Leyó la idea en voz baja. Sabía que este párrafo era el inicio de un capítulo que él no se había propuesto escribir. Puso por título, en la parte superior de la vitela: Capítulo 6: “En el fin o en la consumación”. El orto comenzaba a desterrar las tinieblas nocturnas: el asceta había pasado la prueba.
Ese día no escribió ni una línea más en su De principiis. No se dedicó más que a seguir traduciendo hasta el final de la hora sexta, cuando el hambre obnubiló todas sus facultades intelectuales. Asó una pequeña serpiente y la acompañó con una hemina de agua endulzada con la miel que los dátiles exudaban. Ejercitó su cuerpo durante la mitad de tiempo de la hora nona; la otra mitad la ocupó para bañarse. Poco antes de las vísperas, tomó el aceite ceremonial de romero y marcó su pecho, las manos, el cuello y la frente con la señal de la Cruz. Sacudió la toga y se la colocó, ciñéndola con una cuerda que había hecho con fibras de palmera real. Tomó un vaso de madera que tenía labrado la imagen del Buen Pastor y lo llenó con el vino dulce que hacía una semana le había traído de Cartago uno de sus discípulos predilectos, Cipriano. Colocó el cáliz en una piedra plana que estaba cerca de su morada. Abrió un cofre de madera donde guardaba los panes de harina de trigo que cocía una vez a la semana, el día del Señor, y en cuya tapa se podía leer: “Porque desde donde sale el sol hasta su ocaso, mi nombre es grande entre los pueblos y en todo lugar se sacrifica y se ofrece a mi nombre una oblación pura. Mal 1, 11”. Tomó uno y lo colocó a un lado del cáliz. Imponiendo las manos sobre éste último, pronunció estas palabras: “Te damos gracias, Padre nuestro, por la santa viña de David tu siervo, la que nos diste a conocer a nosotros por medio de Jesús, tu siervo. A ti la gloria por los siglos”. Y luego, sobre el trozo de pan: “Te damos gracias, Padre nuestro, por la vida y el conocimiento, que nos diste a conocer por medio de Jesús, tu siervo. A ti la gloria por los siglos. Como este fragmento estaba disperso sobre los montes, y reunido se hizo uno, así sea reunida tu Iglesia de los confines de la tierra en tu reino. Porque tuya es la gloria y el poder, por Jesucristo, por los siglos.”
3 comentarios:
Me gustó más la primera entrega, las descripciones hacen imágenes idóneas. Todas generan una armonía y un panorama grandioso.

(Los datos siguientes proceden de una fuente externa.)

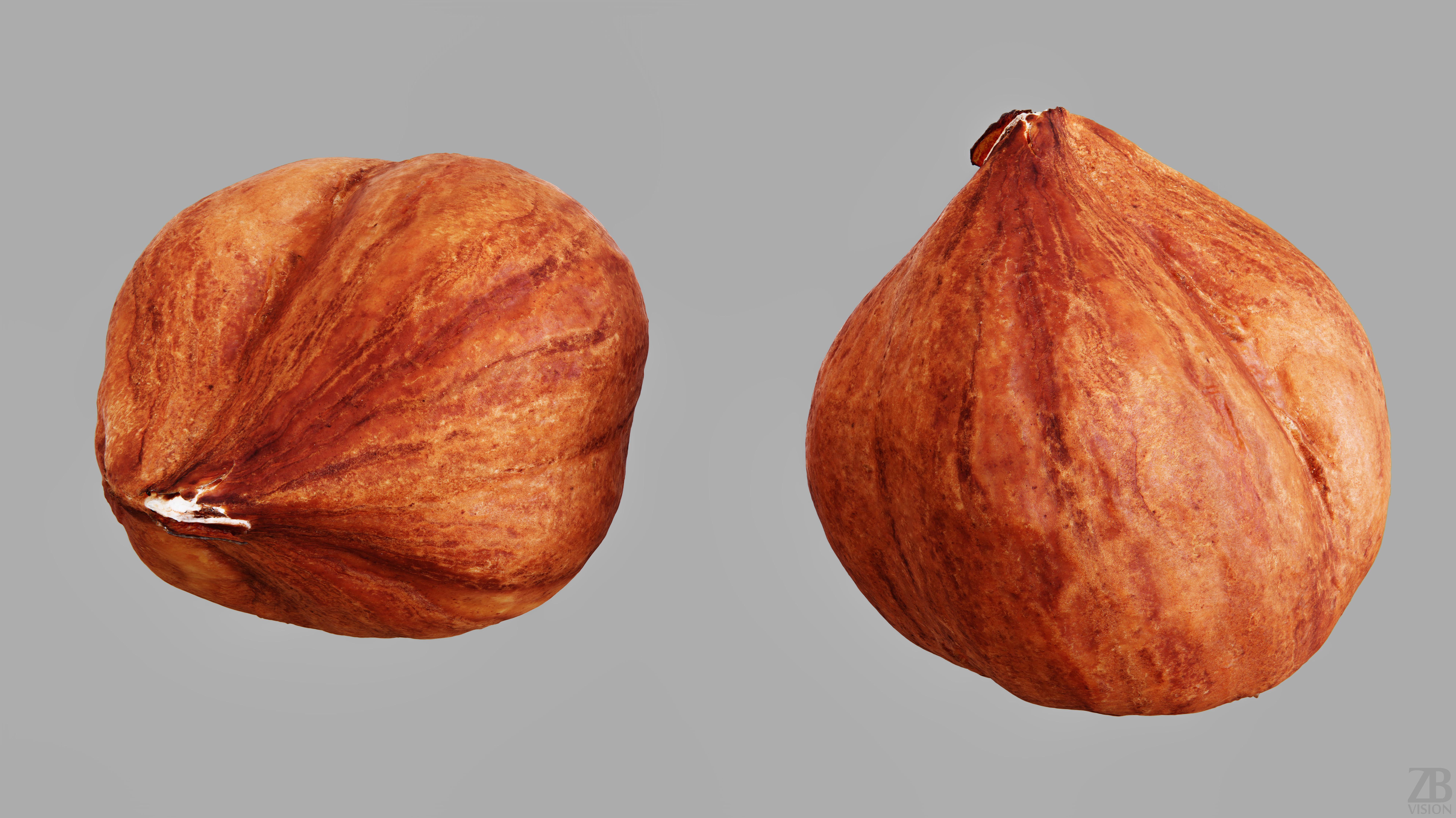 This is a 3d model of a hazelnut. It was scanned and prepared for photorealistic renderings, close-ups, stills and animation. The hazelnut shell model is ready to be inserted in your scene out of the box.

También esta me gustó mucho.
Salud(os)
No leí la anterior, pero ésta -al menos- es muy buena (aunque quizá a Escamilla le enfurezca que diga que es buena cuando ayer le dije que estos temas eran malos).

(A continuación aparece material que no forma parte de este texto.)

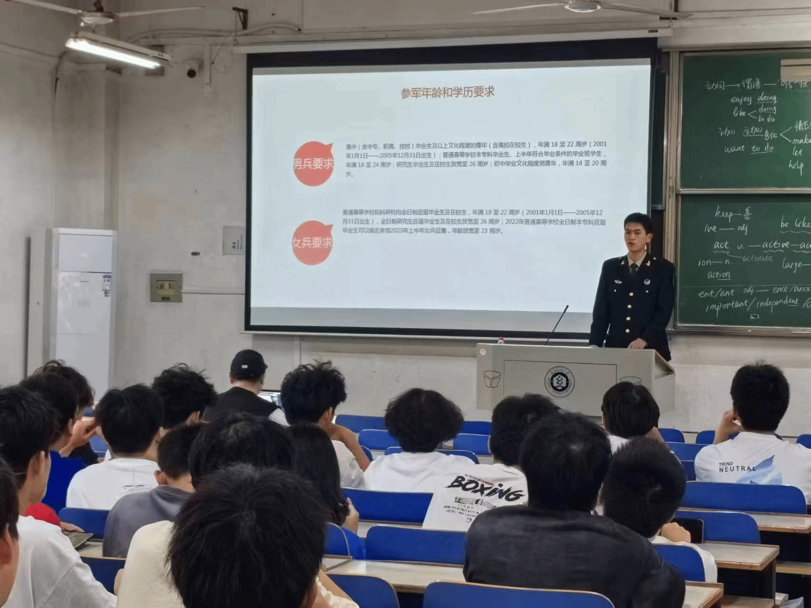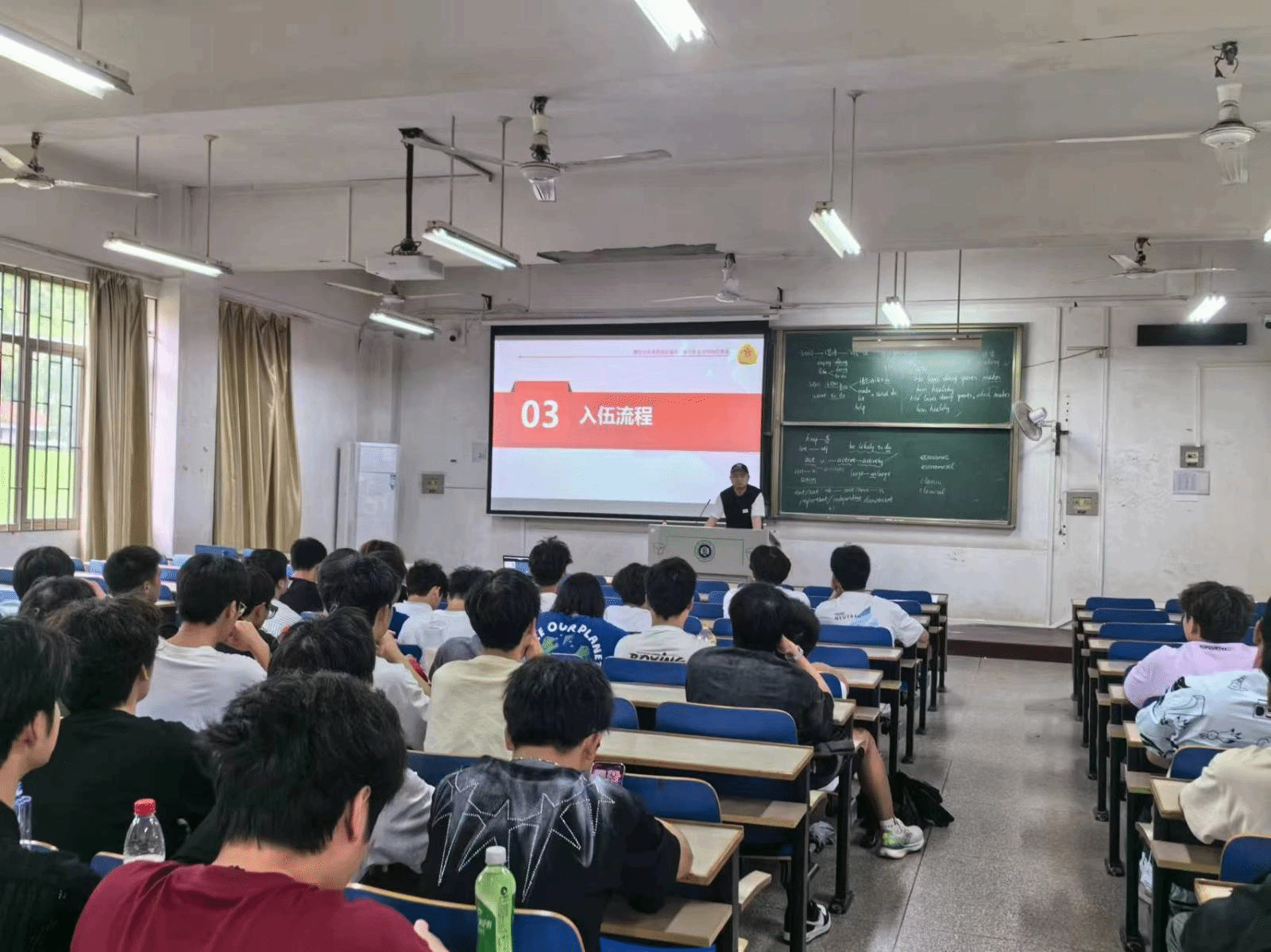 首先,各班主任结合班会主题向同学们做好老员工入伍的政策解读、申请条件和流程等,引导广老员工将个人梦想融入祖国强国梦强军梦中,勇于担当大任,报效祖国。

¡Yo la imprimí y la leí en vacaciones! No había comentado por falta de memoria y porque esperaba poder comentarla con el autor de viva mano. Me pareció excelente. La prosa soberbia y el tema tan original como a tono con el desierto y la mística greco-oriental.
Te tendré que pasar mi cuento sobre San Camilo de Lellis (y en una de esas hacemos una compilación).